Hard to follow. Filled with ponderous nonsense. Built on a sandy foundation (hypnosis, really?). Every story thread leads nowhere. Three books filled with crap designed to get money out of you in three installations.
Techlady4160
2014-09-08

A spectacular end

Acceptance by Jeff VanderMeer is the final book in The Southern Reach Trilogy, and it's a perfect closing curtain.
Acceptance brings back the intensely ominous feeling introduced in Annihilation, the series' first book, but on a much grander scale.
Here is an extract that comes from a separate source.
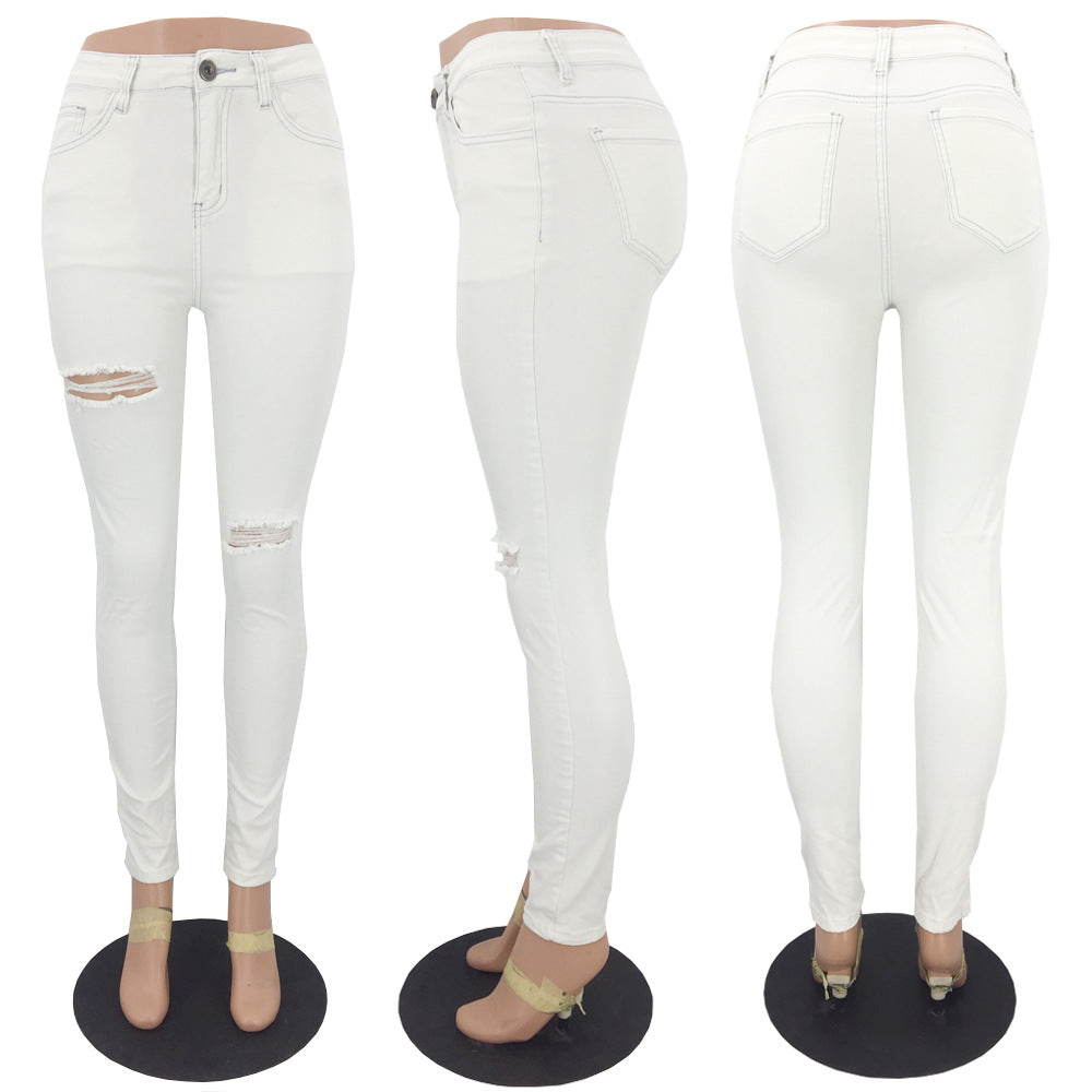Summer High Waist Water Washed Hole Casual Denim Trousers

Much of the story takes place in flashbacks, we're taken back to the events that took place before Annihilation, to everything that led up to the disastrous Twelfth Expedition into Area X and the subsequent shifting within the Southern Reach. We also go back to a little place called the Forgotten Coast, a place where misfits, outcasts gathered to make a home. A quaint costal village complete with a lighthouse and its gruff, but kind keeper. A rustic place, but a good place, a nice place to live until something turned it into a nightmare, a biological disaster; Area X. In this final book, by way of glimpses into life on the Forgotten Coast, we see the horrific creation of Area X.
Acceptance begins with the death of a character, a death that occurs toward the end of Annihilation. We learn about her life through flashbacks, yet we also know that she is damned. We know that the Forgotten Coast is damned, that the people we learn about, grow to care about, will be lost. The horror of the book, and really, the trilogy as a whole, is witnessing this slow fall and knowing that no matter what, it won't be stopped. Though, we get to see points at which maybe if different decisions were made, Area X might not have been made. Knowing that so much loss wasn't inevitable, that it could have possibly been avoided, makes the loss that much more painful. We keep reading because we want to know the whats and the whys that birthed Area X, but also, there's still the right now, the world after the creation of Area X. That part of the story is completely uncertain, it's ultimately why I kept turning pages until a late night became an early morning. I wanted to know if our world would survive, or if Area X would envelope everything. I know, but I won't say. I don't want to say more, I don't want to make reading Acceptance pointless while trying to convey why it's so spectacular.
The Southern Reach Trilogy is a masterpiece, it is brilliantly conceived and written. Acceptance is what seals the deal, it's a truly remarkable end to a beautiful, sad, scary as all Hell work of fiction.